None of this would have been possible without the energy and skills of the bride’s friends and family. She had access to an unbelievable supply of talented and willing workers. Even from my own limited experience with weddings, I know that all weddings benefit from that sort of help. When son Ben married Beth, Beth’s family miraculously created a winter wonderland in what had been an empty event space.
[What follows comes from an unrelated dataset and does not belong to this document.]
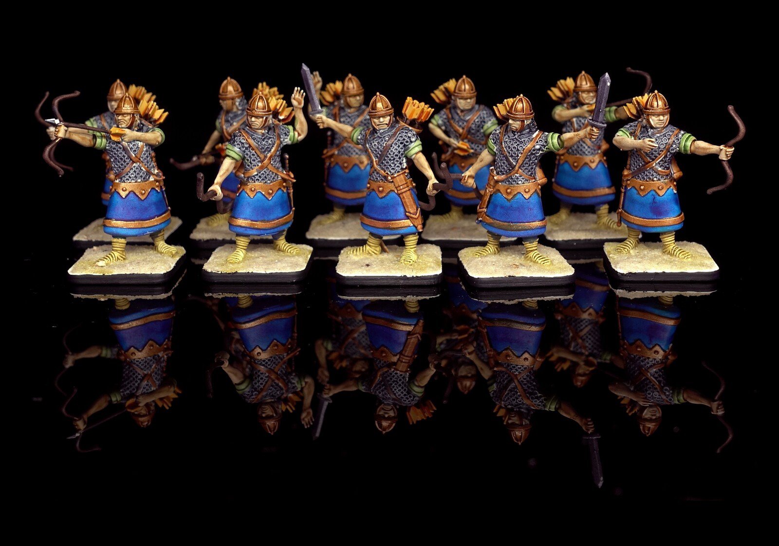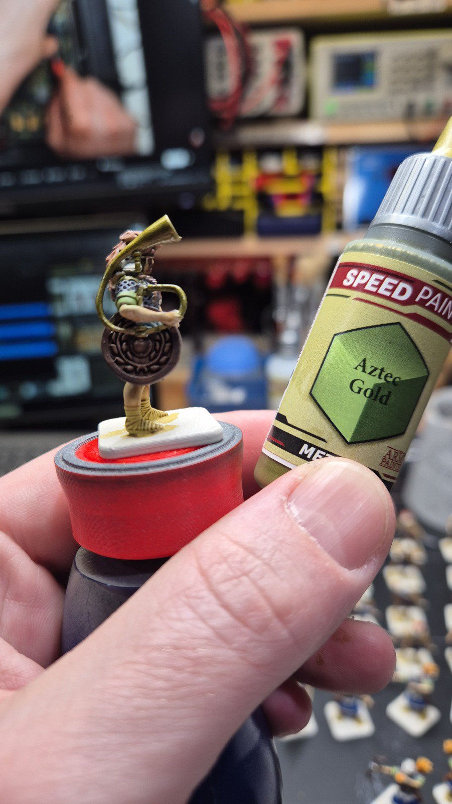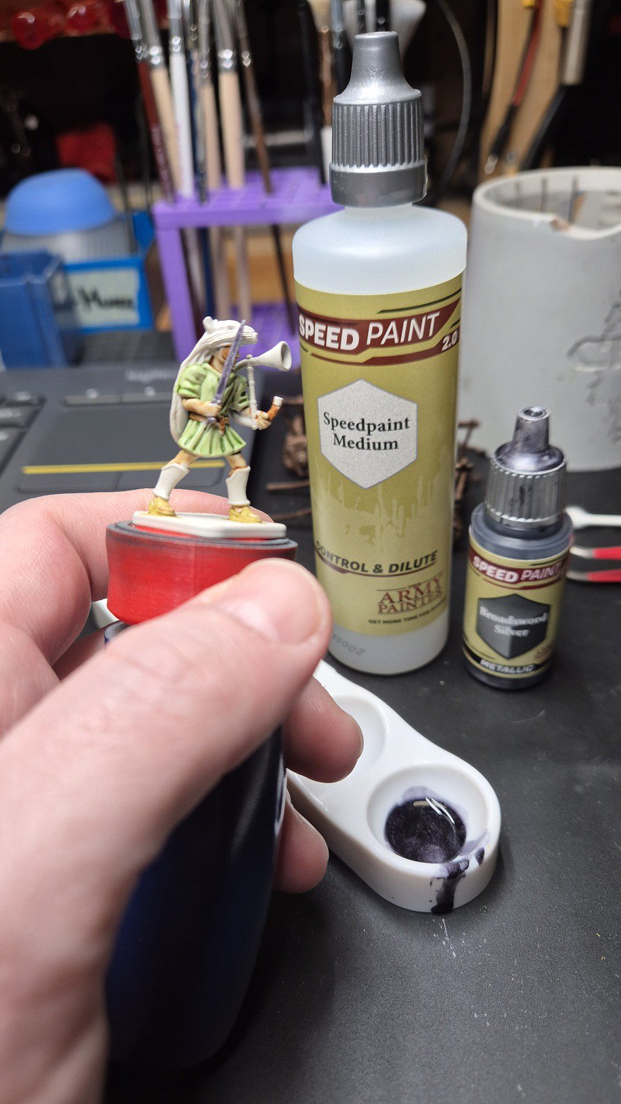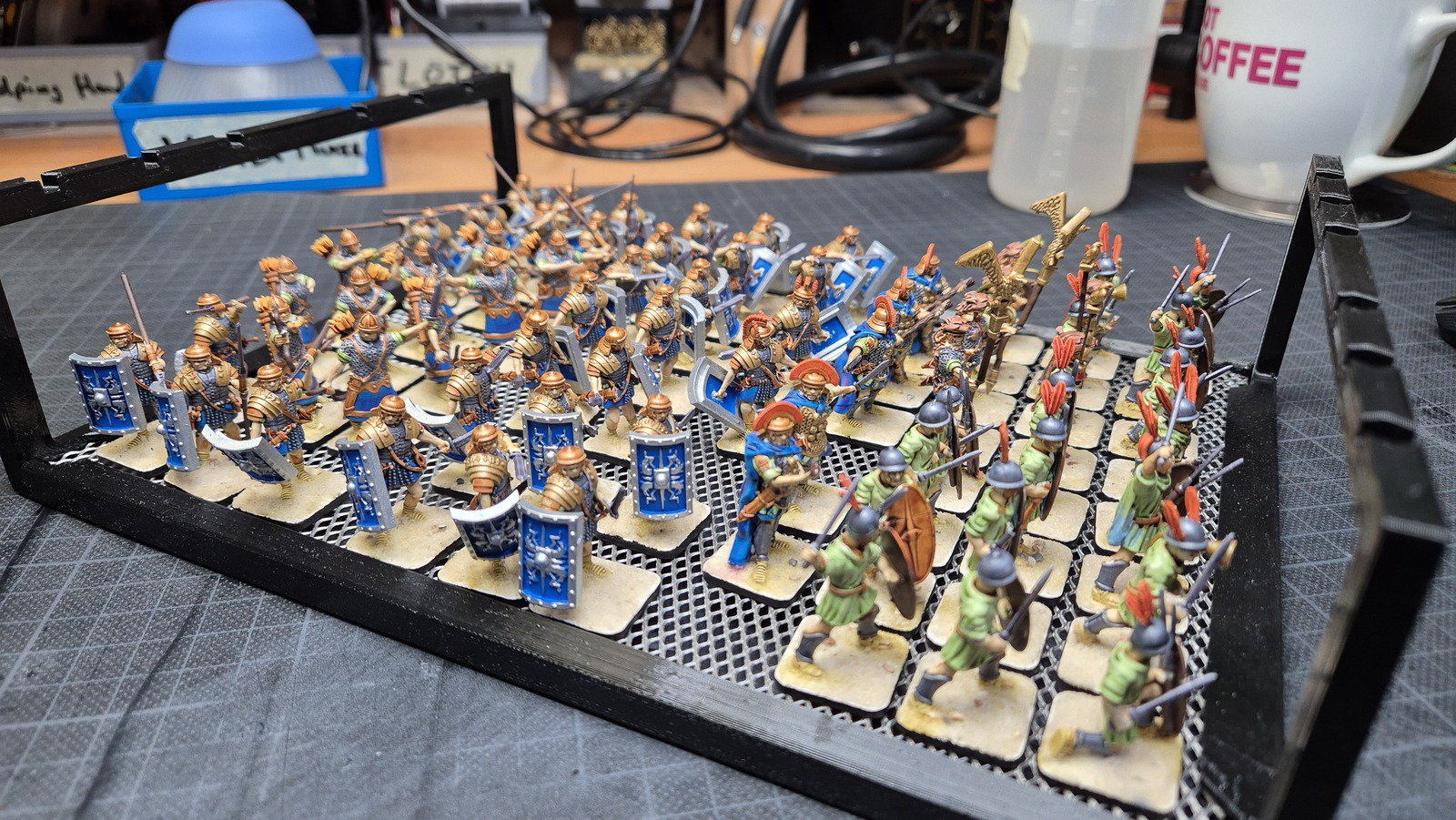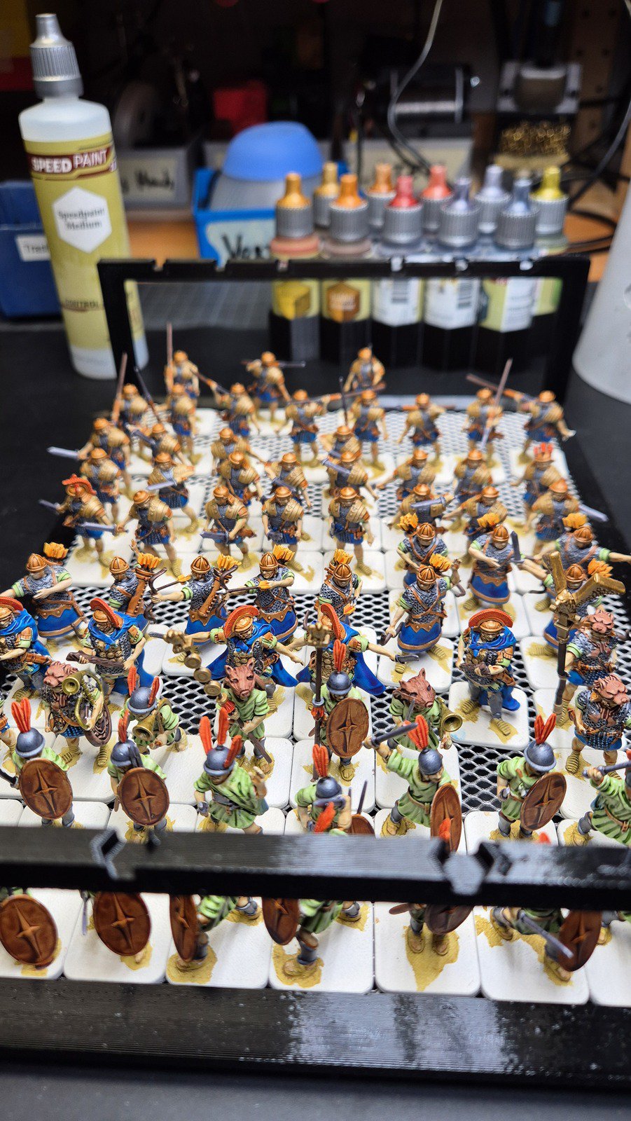 Zudem sind diese Figuren etwas kleiner als Warhammer-Figuren (“echte” 28 mm und nicht sog. Heroic Scale). Dies zusammen mit der Tatsache dass die 3D gedruckten Sachen viel empfindlicher sind haben zu vielen abgebrochenen Federn und Waffen geführt.
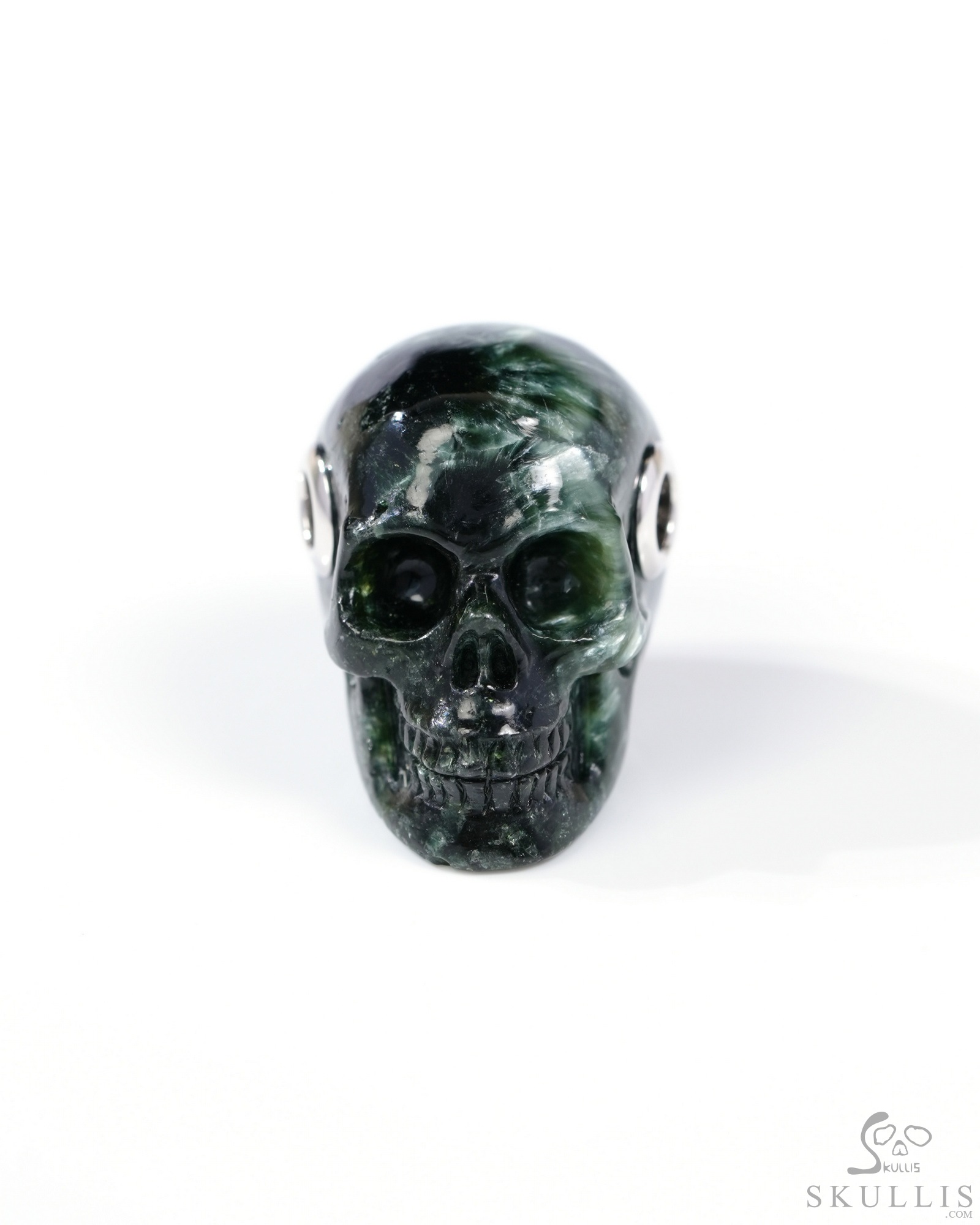 1.8" Seraphinite Hand Carved Crystal Skull, Realistic, Crystal Healing

But I got to watch this one first hand, and it was both fun and impressive.

To keep my promise of brevity, I’ll draw this narrative to a close by saying that it was a delight to officially make Franklin a part of our family, and to get to know his family over the the course of the wedding and the weeks of pre-wedding planning and parties.

So I am left with feelings of relief that it’s done, satisfaction that it turned out well, and optimism for the new couple.

And, yes, I have been wondering if there might be a market for an advanced degree in Wedding Engineering.